■ **Required work**: When you transcribe the listing that follows, keep every line exact and omit the pictures.

■ **Dataset extract**:
::::::::
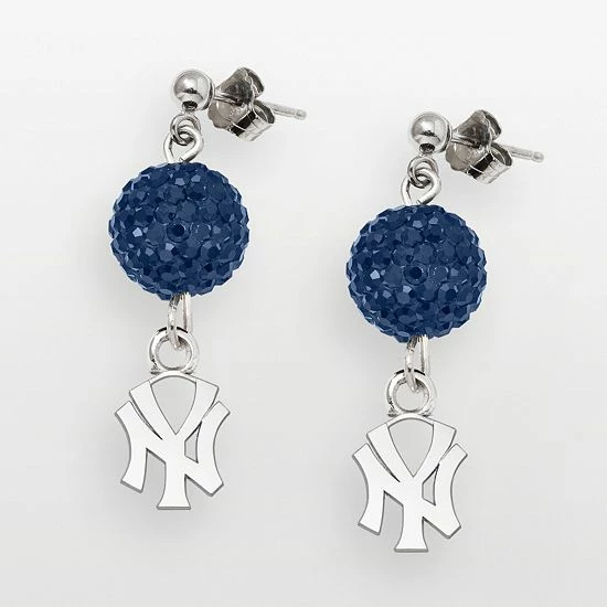 Show your devotion with these New York Yankees earrings. The blue, pave-set crystal balls and team logo charms let everyone know which team has the best fans. Comes in a gift box.
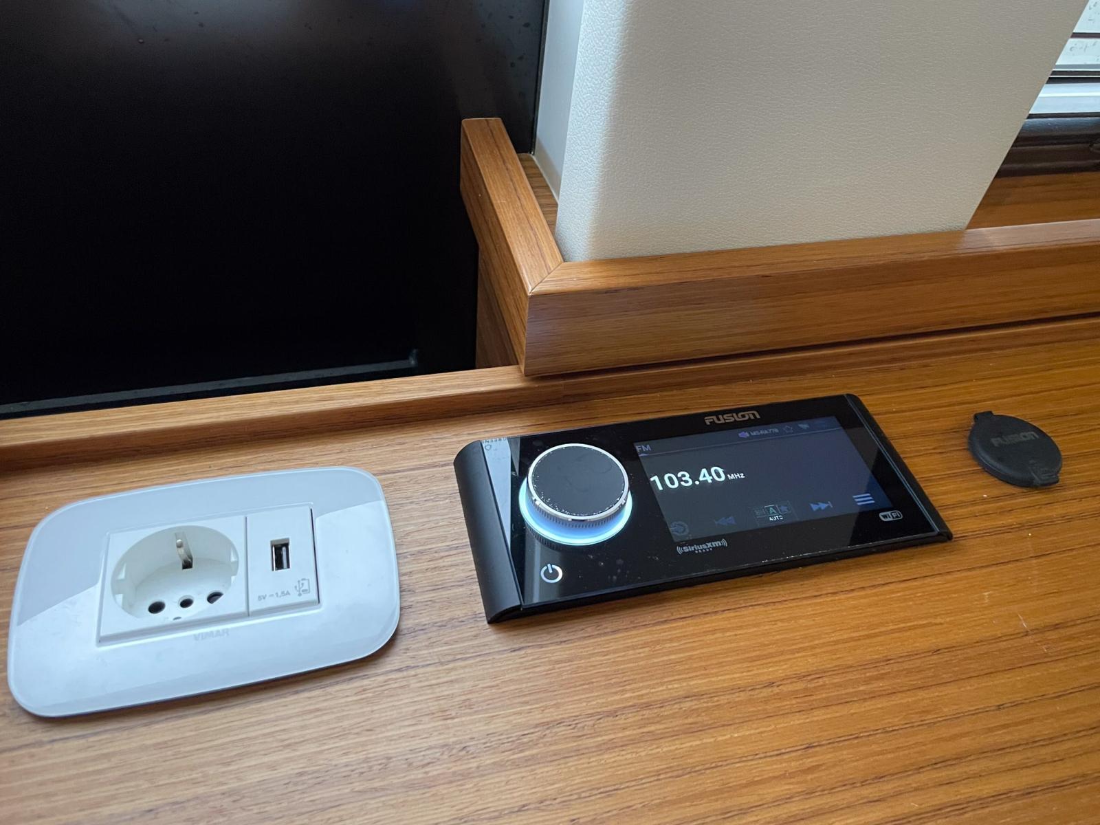 Fusion AUX/USBconnector." - FUSION 2-way waterproof speakers in cockpit - FUSION 2-way full-range speakers in saloon
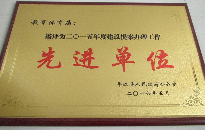 5月6日,县政府办公室印发《关于表彰2015年度建议提案办理工作先进单位和先进个人的通报》,县教育体育局荣列榜首,获“2015年度议案办理工作先进单位”称号。
::::::::
■ **Response for this exercise**:
 Show your devotion with these New York Yankees earrings. The blue, pave-set crystal balls and team logo charms let everyone know which team has the best fans. Comes in a gift box.
 Fusion AUX/USBconnector." - FUSION 2-way waterproof speakers in cockpit - FUSION 2-way full-range speakers in saloon
 5月6日,县政府办公室印发《关于表彰2015年度建议提案办理工作先进单位和先进个人的通报》,县教育体育局荣列榜首,获“2015年度议案办理工作先进单位”称号。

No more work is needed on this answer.